Does anyone know how to solve this?

Answer 1

`(√(2))/(2)`

Explanation:

This almost looks like the left hand side of the following identity:

`\sin(A)\cos(B)-\sin(B)\cos(A)=\sin(A-B)` .

Here are similar identities in the same category as the above:

`\sin(A)\cos(B)+\sin(B)\cos(A)=\sin(A+B)`

`\cos(A)\cos(B)-\sin(A)\sin(B)=\cos(A+B)`

`\cos(A)\cos(B)+\sin(A)\sin(B)=\cos(A-B)`

Things to notice: 90-76=14. and 90-59=31.
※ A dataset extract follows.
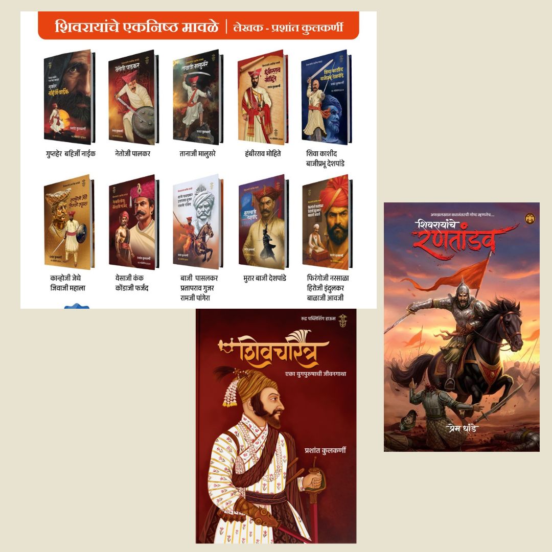 Shivarayanche Rantandav + Shivcharitra + Shivrayanche Eknishta Mavle 10 Pustakancha Set ( शिवरायांचे रणतांडव + शिवरायांचे एकनिष्ठ मावळे १० पुस्तकांचा संच + शिवचरित्र एका युगपुरुषाची जीवनगाथा)

This means we will possibly want to use the following co-function identities:

`\cos(90-A)=\sin(A)`

`\sin(90-A)=\cos(A)`

So let's begin:

`\sin(76)\cos(31)-\sin(14)\cos(59)`

Applying the co-function identities:

`\cos(14)\cos(31)-\sin(14)\sin(31)`

Applying one of the difference identities above with cosine:

`\cos(31+14)`

`\cos(45)`

45 is a special angle so
`\cos(45)` is something you find off most unit circles in any trigonometry class.

`\cos(45)=(√(2))/(2)`